Repeat the calculations in Section 7.2.4 (p.305) with $\widehat \theta_3 = \Phi{(a - \overline{ Y })/s_n }$ replacing $s_n$ and $\widehat \theta_4 = \Phi^{-1}(p) s_n + \overline{ Y }$ replacing $\log(s_n^2)$. Note that $\widehat \theta_3$ and $\widehat \theta_4$ are the maximum likeligood estimators of $P(Y_1 \leq a)$ and the $p$th quantile qualtie of $Y_1$ respectly, under a normal distribution assumption.

We can find out $\psi(Y_i, \theta)$ function similar to in the last question.

\[\begin{align} \theta_3 = \Phi(\frac{ a- \overline Y }{ s_n }) & \Rightarrow \psi_3 = \theta_3 - \Phi(\frac{ a- \theta_1}{ \sqrt{ \theta_2 } }) \\ \theta_4 = \Phi(p)^{-1} s_n - \overline Y \Rightarrow \psi_4 = \theta_4 - \Phi(p)^{-1} \sqrt{\theta_2} - \theta_1 \end{align}\]

So,

\[\psi(Y_i, \theta) = \begin{bmatrix} Y_i - \theta_1 \\ (Y_1 - \theta_1)^2 - \theta_2 \\ \theta_3 - \Phi(\frac{ a- \theta_1 }{ \sqrt{ \theta_2 } }) \\ \theta_4 - \Phi(p)^{-1} \sqrt{ \theta_2 } + \theta_1 \end{bmatrix}\]

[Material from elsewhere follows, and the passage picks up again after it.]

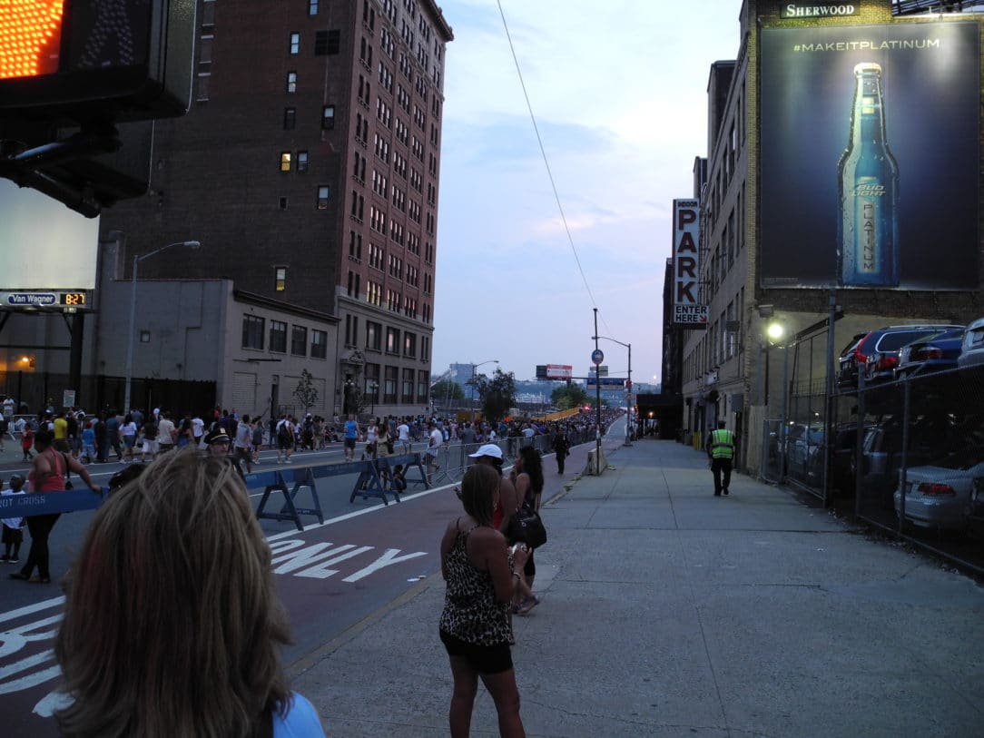 We walked down to 34th street and saw the massive crowds.  We decided the whole thing wasn’t worth the trouble anymore, had something to eat, got some sundaes at the McDonald’s there and then stood in the street and waited for the fireworks to start.  We figured we’d just see what we could see and the rest we’d catch on YouTube later.  We weren’t the only ones with that idea.  As many people as we saw walking down to the river all day, until just before the fireworks started, just as many were walking back into Manhattan, annoyed and complaining about how the barricades were set up and how there wasn’t a good view anywhere.  Also, there were NO PORTABLE TOILETS.  There were thousands of people heading to the fireworks event, but we didn’t see a single portable toilet set up to accommodate people.  That seems like a gross oversight by the city government.

Now we can take the derivative.

\[\psi '(Y_i, \theta) = \begin{bmatrix} -1 &0 & 0 & 0 \\ -2Y_i + 2 \theta_1 & -1 & 0& 0 \\ \frac{ -1 }{ \sqrt{ \theta_2 } } \phi(\frac{ a- \theta_1 }{ \sqrt{ \theta_2 } }) & -\frac{ a - \theta_1 }{ 2 \theta_2^{3/2} } \phi(\frac{ a- \theta_1 }{ \sqrt{ \theta_2 } }) & 1 & 0 \\ 1 & -\Phi(p)^{-1} \frac{ 1 }{ 2 \sqrt{ \theta_2 } } & 0 & 1 \end{bmatrix}\]

Then,

\[\begin{align} A(\theta_0) & = \begin{bmatrix} 1 &0 & 0 & 0 \\ 0 & 1 & 0& 0 \\ \frac{ 1 }{ \sqrt{ \theta_{20} } } \phi(\frac{ a- \theta_{10} }{ \sqrt{ \theta_{20} } }) & \frac{ a - \theta_{10} }{ 2 \theta_{20}^{3/2} } \phi(\frac{ a- \theta_{10} }{ \sqrt{ \theta_{20} } }) & -1 & 0 \\ -1 & \Phi(p)^{-1} \frac{ 1 }{ 2 \sqrt{ \theta_{20} } } & 0 & -1 \end{bmatrix}\\ A^{-1}(\theta_0) & = \begin{bmatrix} 1 & 0 & 0 & 0 \\ 0 & 1 & 0 & 0 \\ \frac{ 1 }{ \sqrt{ \theta_{20} } } \phi(\frac{ a- \theta_{10} }{ \sqrt{ \theta_{20} } }) & \frac{ (a-\theta_{10}) }{ 2 \theta_{20}^3 } \phi(\frac{ a- \theta_{10} }{ \sqrt{ \theta_{20} } }) & -1 & 0 \\ 1 & \frac{ 1 }{ 2 \sqrt{ \theta_2 } } \Phi(p)^{-1}& 0 & -1 \end{bmatrix} \end{align}\]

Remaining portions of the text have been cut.